Travel, retail, telecom, and mobile phone providers found out early on that a poor customer experience recalled in the social space was something they needed to proactively address, Broderick told CMO.com. “You could at worst neutralize it, but at best turn it into a positive and generate good will,” Broderick said. “But if you’re absent, the bad customer experience turns into bad news.”
That bad news/good will management has increasingly brought marketers together with customer service staff. Marketing departments were the early champions of social media at most companies, so it stood to reason they would be involved as the media were applied to customer service, experts said.
The decision on how to execute a social customer-service strategy and who will do it has to begin with working out a customer-response strategy, Adobe’s Hofmeister said. There has to be a central social media orchestrator to centralize that function so all communications have the same voice, she added. “The big imperative for brands is to develop strategy: Where do you want to talk to your customers and how to talk to them?” she said. “Choose the best platform and then you can decide on what tools are best to work on that platform.”

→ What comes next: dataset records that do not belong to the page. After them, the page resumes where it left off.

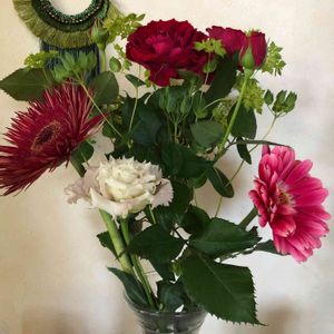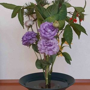 お正月用に生けました 手前にあるのはトルコ桔梗です 花びらがとても優雅です(*^^*) 今年は、沢山の花を咲かすことができ、充実した一年でした 来年もガーデニング楽しみます🎵 皆さまにとって良い一年になりますように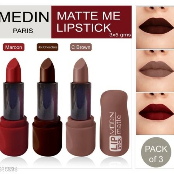 Navaratri Combo Of Pink Red Violet Color Medin Paris Super Matte Lipstick with New Sades (Pack of 3)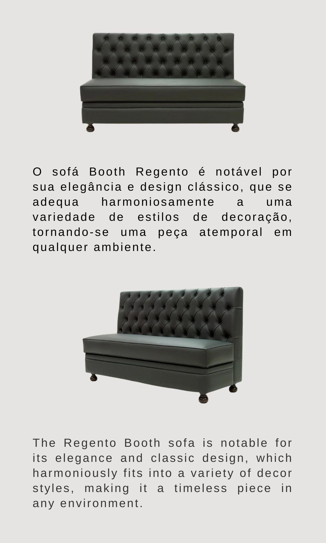 O sofá Booth Regento é notável por sua elegância e design clássico, que se adequa harmoniosamente a uma variedade de estilos de decoração, tornando-se uma peça atemporal em qualquer ambiente.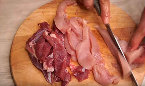 Зрізане м’ясо і грудку курки наріжте смужками.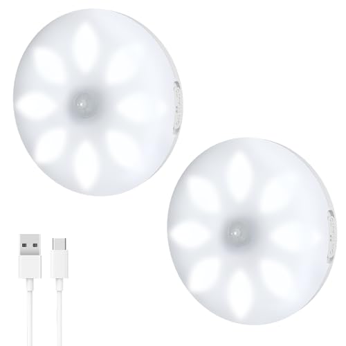 Skåplampa, Hually LED Nattlampa(2-pack) 24 LEDs Rörelsesensor Lampor USB Uppladdningsbart Batteridriven, Självhäftande Nattlampa med Avtagbar Magnet för Garderob Hall Sovrum Kök, Varm Vit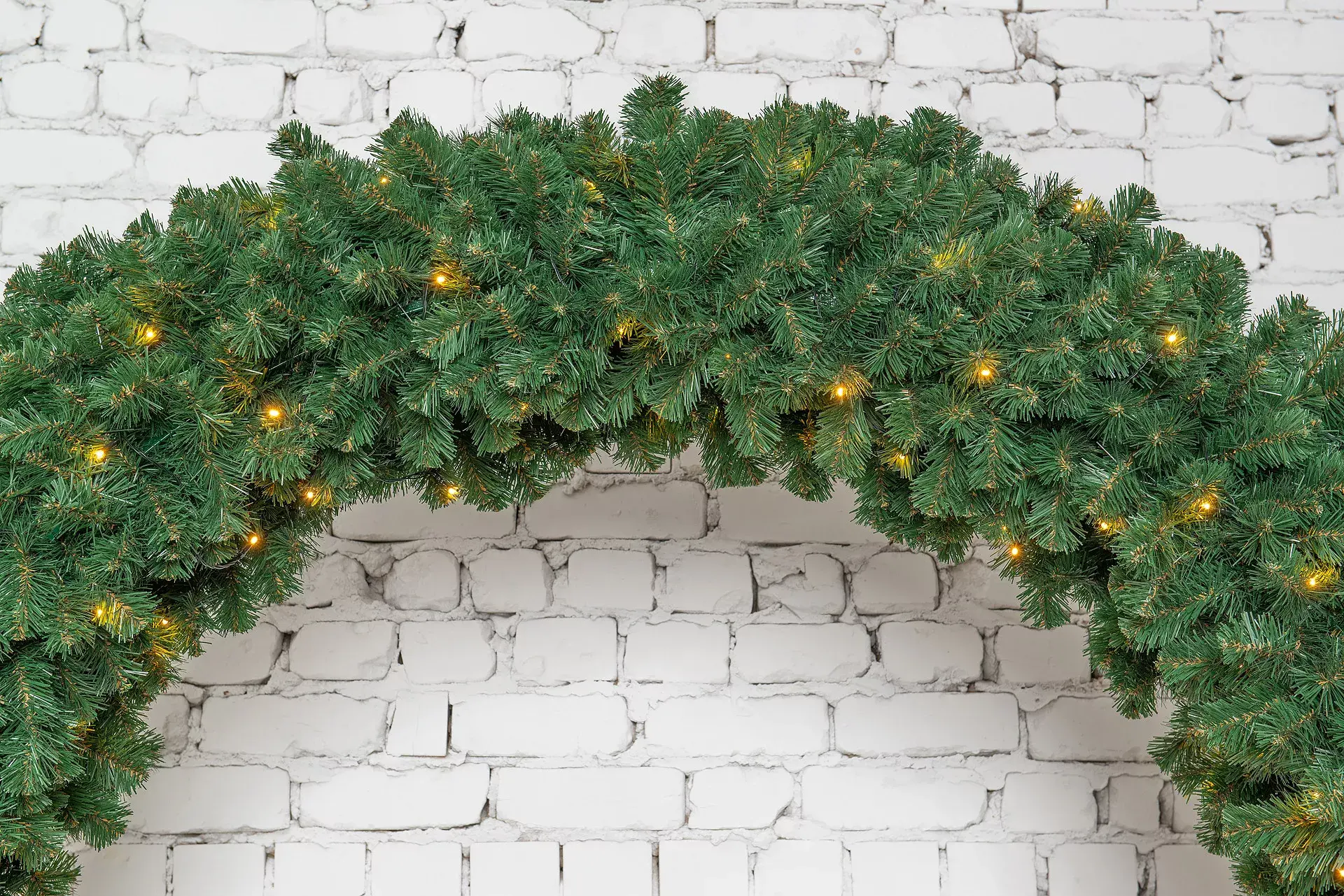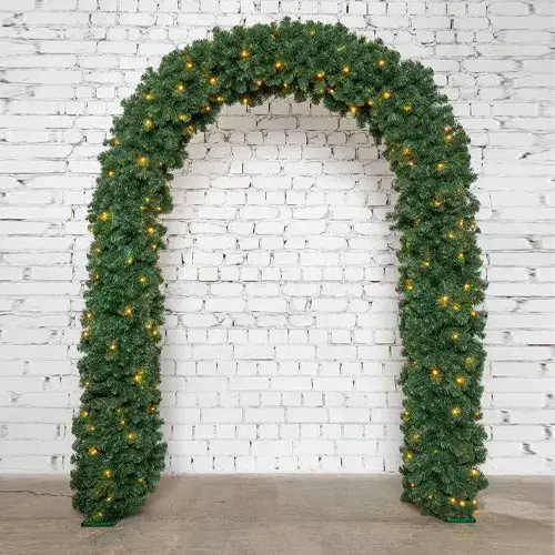 Великолепная хвойная арка Ларец Любви со встроенными Led лампами теплого-белого свечения окутает ваш интерьер праздничным настроением и подарит окружающим настоящую сказочную атмосферу. Арка имеет очень пушистую и густую хвою, которая выполнена из мягкой пленки PVC. Модель состоит из трех частей - 2 штанги и верхняя перекладина, которые с легкостью монтируются между собой, а встроенная гирлянда соединяется с помощью коннекторов. Варианты использования довольно большие - входная группа, дизайнерское оформление помещения, оформление беседок, ландшафтов.

Which department leads–marketing, public relations, or operations–depends on the type of company, but all three have to work together, experts said. “It’s speed and technology plus the customer service gene,” Broderick said. “Who really can sit through and manage and be polite, respectful, responsive to customers when they’re really angry?”
Most experts advise that operations retain the ultimate resolution of customer issues, since call centers already have the playbook on how to handle complaints. But marketing needs to get involved in analyzing the social-media metrics these channels are producing and identifying the CRM issues that arise. “It’s important for CMOS to really understand what moves their business,” Broderick said. “Operations still has the knowledge to know where do we go from here to resolution. But the identification of the issue has to come from marketing.”
There is no one-size-fits all answer yet, but branding and customer care functions will be working more closely in the future, AT Kearney’s Heggie said. “For a company that’s incredibly brand-centric, that face to the consumer is crucial,” she said. “I don’t think it can remain separated.”